US 12,292,934 B2
Classifying documents using geometric information
Mahbub Gani, London (GB)
Assigned to Sage Global Services Limited, Newcastle (GB)
Filed by Sage Global Services Limited, Newcastle Upon Tyne (GB)
Filed on Sep. 7, 2022, as Appl. No. 17/939,809.
Prior Publication US 2024/0078270 A1, Mar. 7, 2024
Int. Cl. G06F 16/906 (2019.01); G06F 16/93 (2019.01); G06V 30/414 (2022.01); G06V 30/418 (2022.01)

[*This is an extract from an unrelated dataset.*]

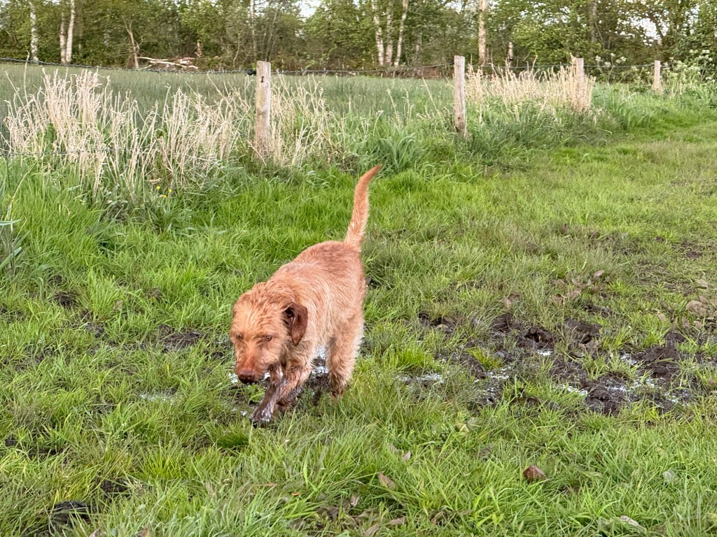 Na telefonisch overleg met Robin van Jachttraining, Pippa los gelaten tijdens de wandeling. Noya ook los en de rest aan de lijn om wild spelen te voorkomen. Ze startte op met rondjes draaien als een malle en ging daarna vol snelheid vooruit en na een modderpoelinspectie, op volle snelheid weer naar mij terug. Geen wilde stops maar beheerst racen (voor zover dat mogelijk is).

CPC G06F 16/906 (2019.01) [G06F 16/93 (2019.01); G06V 30/414 (2022.01); G06V 30/418 (2022.01)] 27 Claims
OG exemplary drawing
 
1. A computer-implemented method for classifying a document, comprising:
receiving a plurality of reference documents;
at a hardware processing device, for each of the reference documents:
automatically identifying a plurality of bounding boxes, each surrounding a block of content within the reference document; and
automatically identifying a subset of the bounding boxes for each reference document as representing noise;
at the hardware processing device, generating a feature vector for each of the reference documents based on the bounding boxes identified in the reference document that are not included in the identified subset representing noise;
storing the generated feature vectors at a storage device;
receiving a target document for classification;
at the hardware processing device:
automatically identifying a plurality of bounding boxes for the target document, each surrounding a block of content within the target document;
automatically identifying a subset of the bounding boxes for the target document as representing noise;
generating a feature vector based on the bounding boxes identified in the target document that are not included in the identified subset representing noise;
comparing the feature vector for the target document with the feature vectors for the reference documents, to determine which reference document feature vector is most closely aligned with the target document feature vector; and
classifying the target document based on the comparing step; and
at an output device, outputting results of the classifying step.